To satisfy the co-tenancy provision, Rockwell must fulfill two

requirements: (1) all three of the “named” co-tenants—Target, Big Lots, and

PetsMart—must be open and operating in the shopping center, and (2) the named

co-tenants must occupy at least 90 percent of the specified floor area. If

Rockwell does not fulfill these two requirements, it can still satisfy the cotenancy provision by exercising the “comparable replacement Anchor Tenant”

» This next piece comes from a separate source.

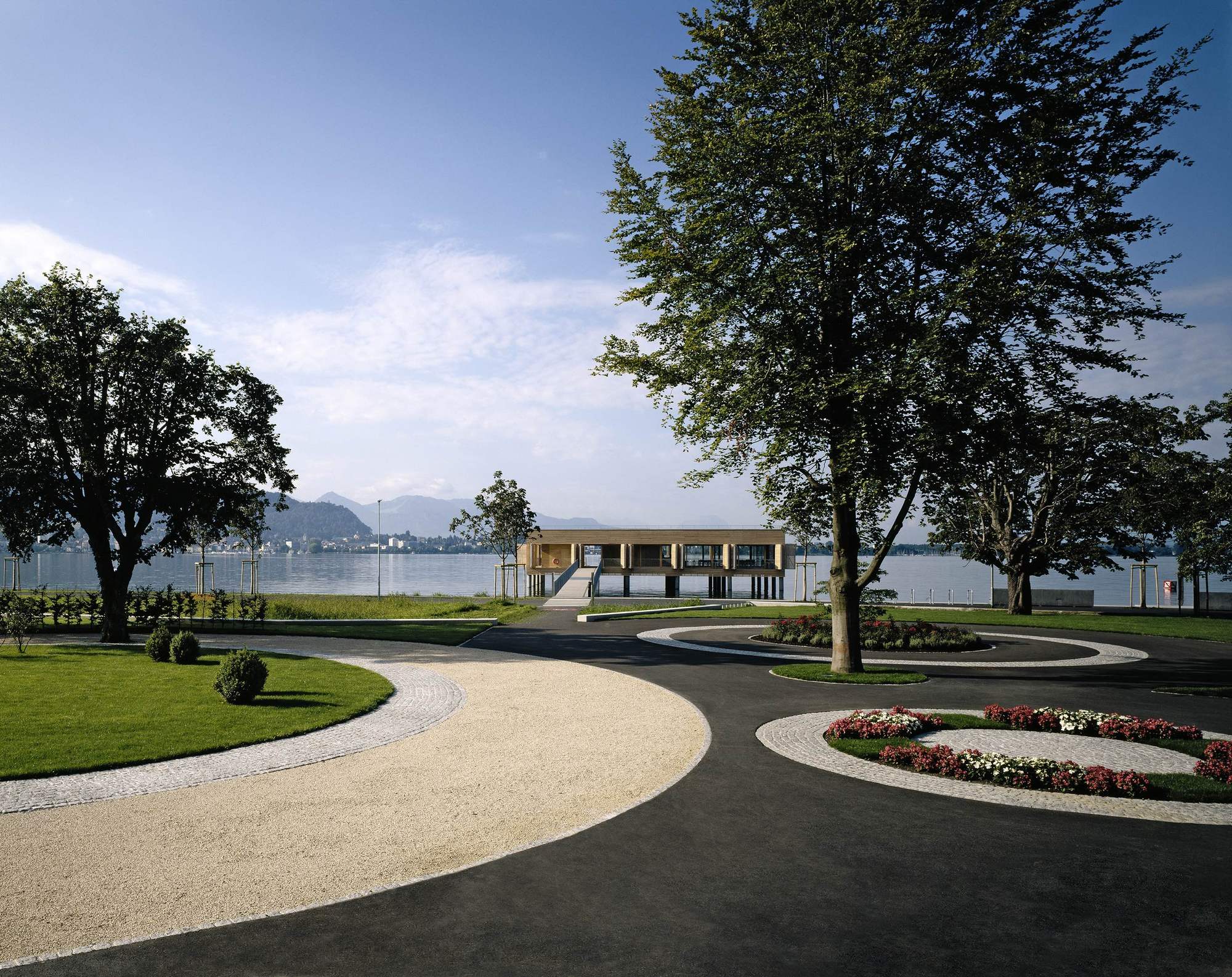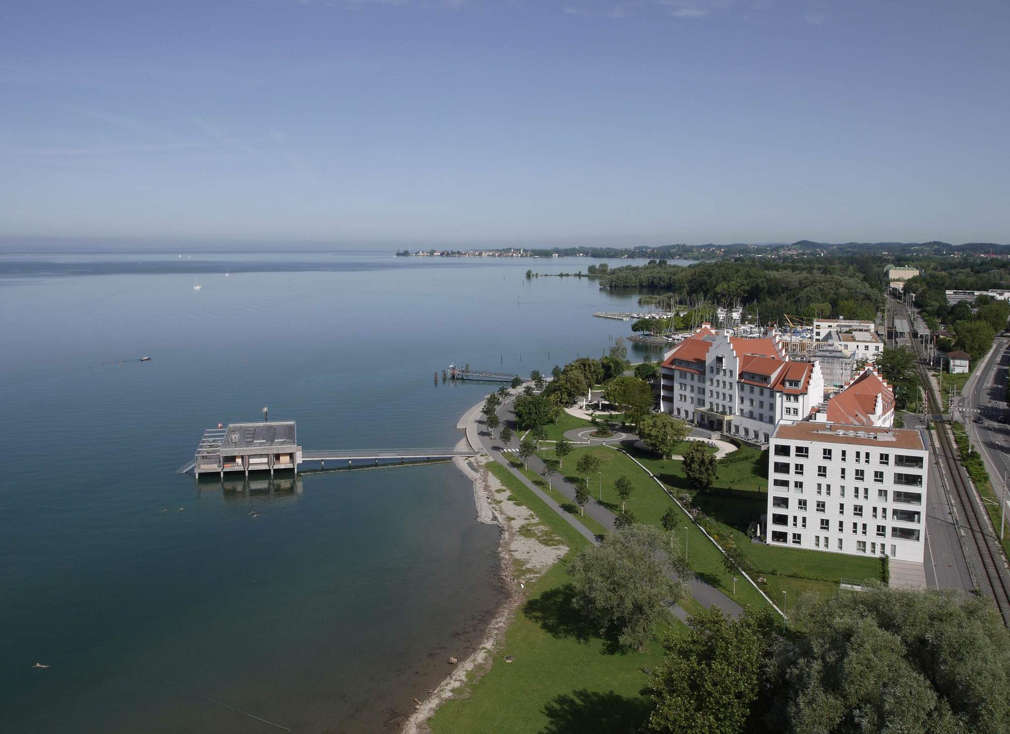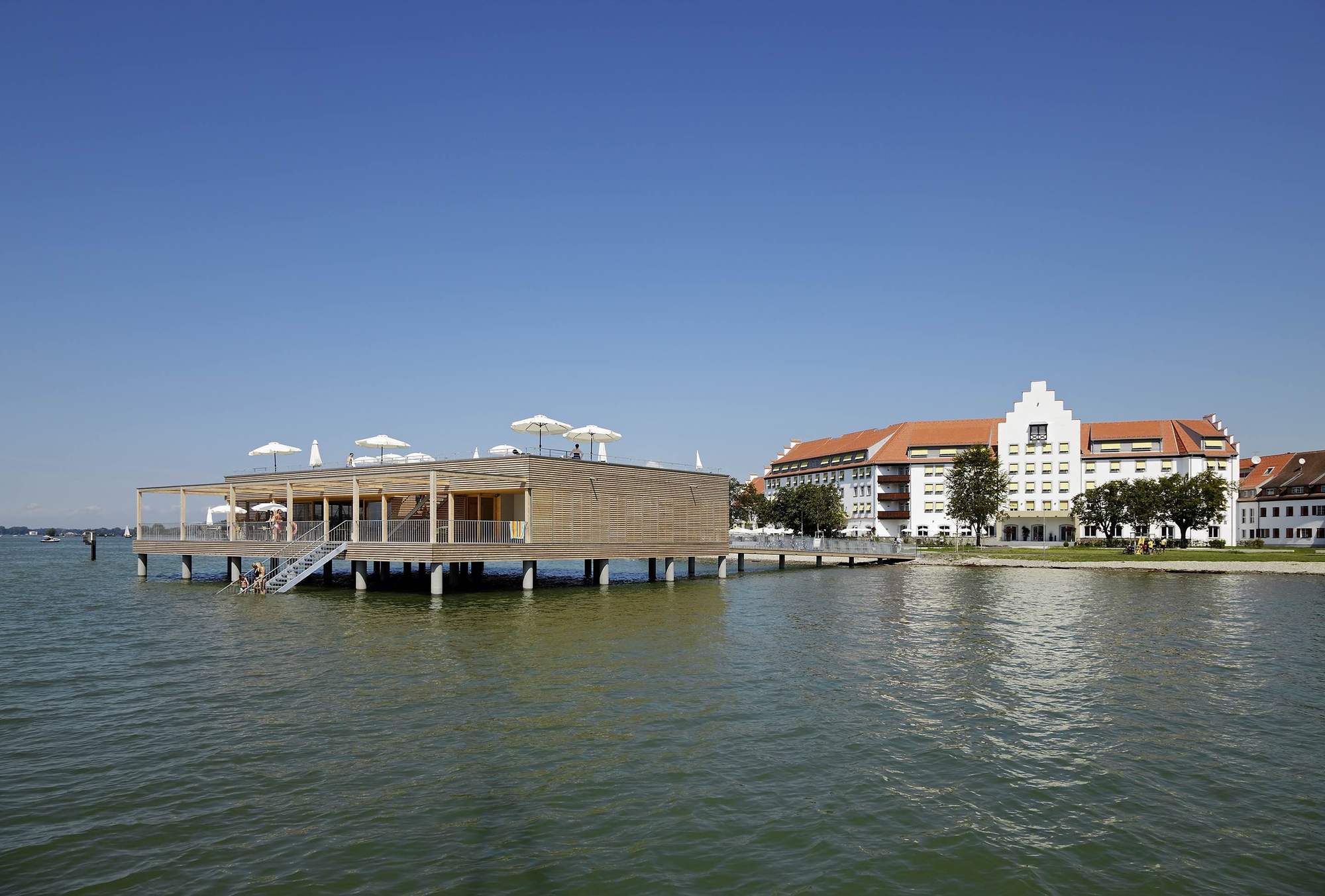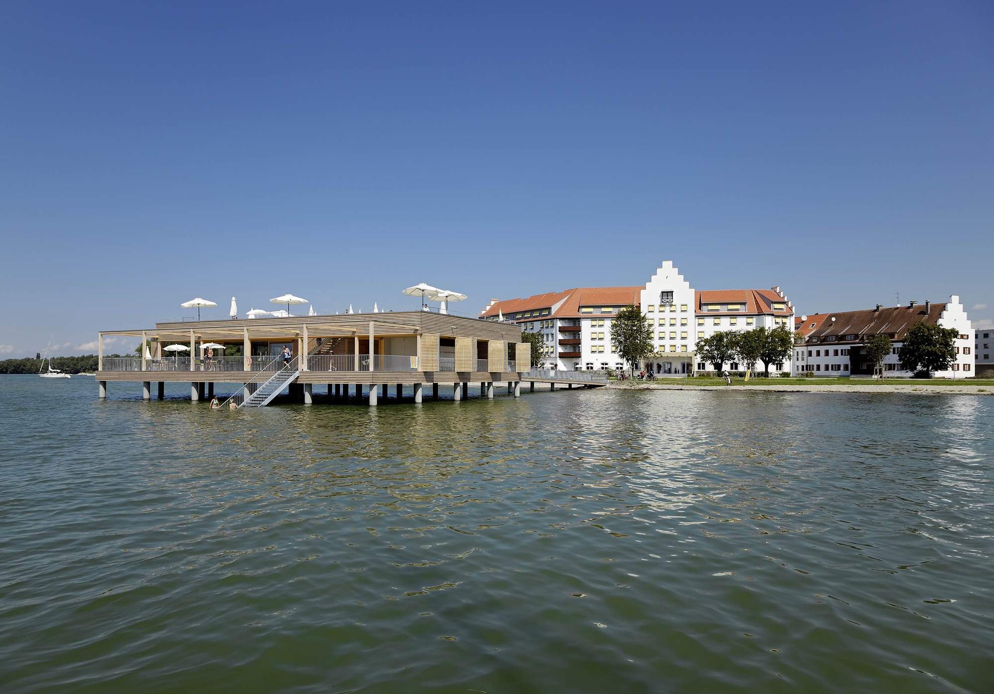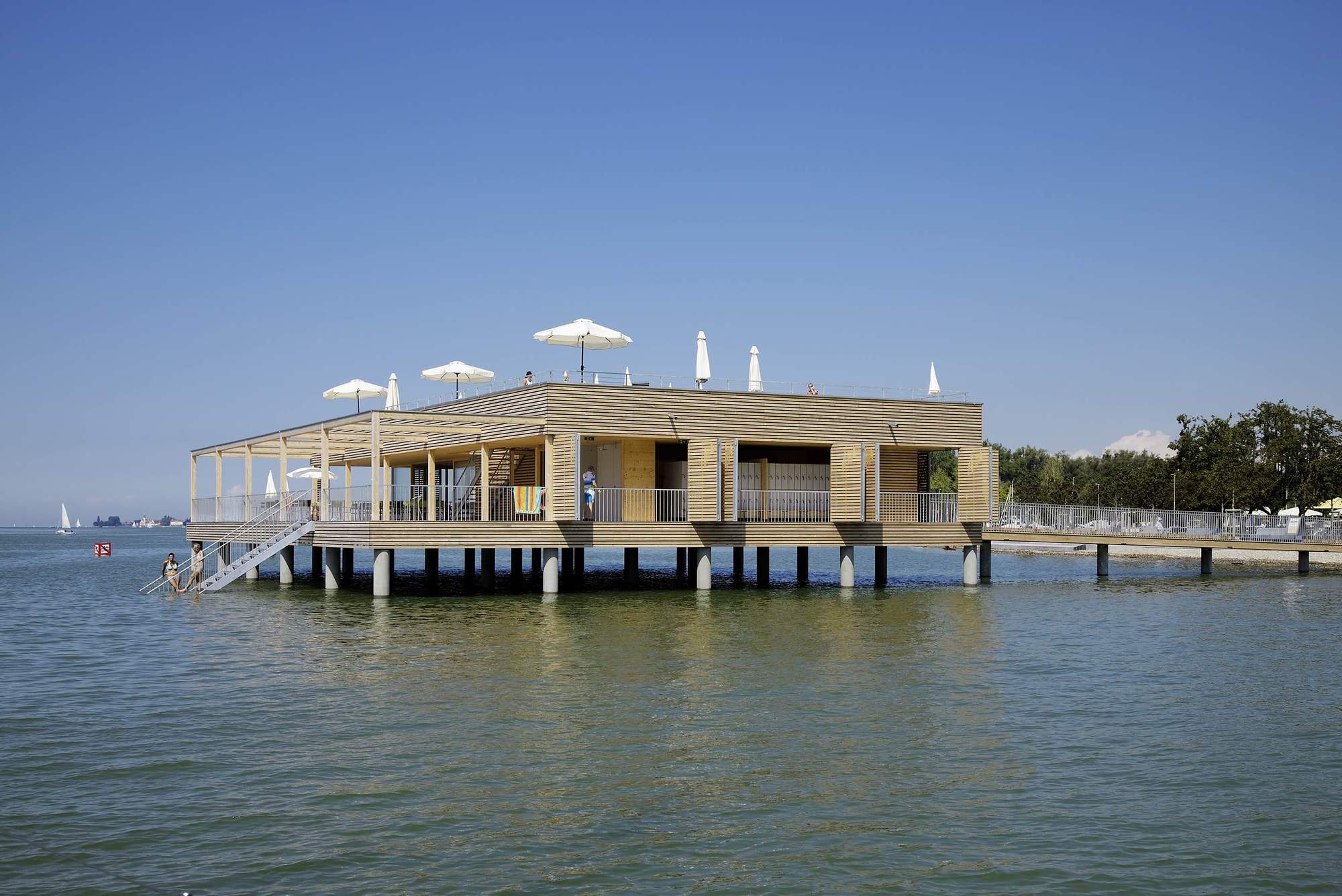 이 프로젝트의 중심에는 단연 베스 하우스(Bathhouse)가 있다. 포어아를베르크(Vorarlberg) 지역의 현대적 건축 언어를 반영한 이 공간은 '슈바벤 해(Swabian Sea) 전통'을 존중하는 건축 언어를 바탕으로 기능성과 미학을 함께 표현한다. 30개의 철근 콘크리트 기둥 위에 자리 잡은 단층 구조물은 단순하면서도 세련된 디자인이 조화를 이루며, 내부에는 탁 트인 유리창을 통해 자연과 조화를 이루는 레스토랑(테라스를 통해 일광욕 데크로 연결됨), 탈의실, 샤워실 및 화장실이 효율적으로 배치되어 있다.

option. The anchor tenant option has three requirements: the tenant must (1) be

“a national retailer with at least one hundred (100) stores or a regional retailer

with at least seventy-five (75) stores,” (2) “replac[e] one (1) or more of the named

Co-Tenants,” and (3) “occupy[] no less than ninety percent (90%) of the Required

Leasable Floor Area of the Required Co-Tenant being replaced.” Thus, for

example, if a national retailer such as Kohl’s replaced Target, it would have to

occupy at least 90 percent of the 113,000 square feet designated to Target.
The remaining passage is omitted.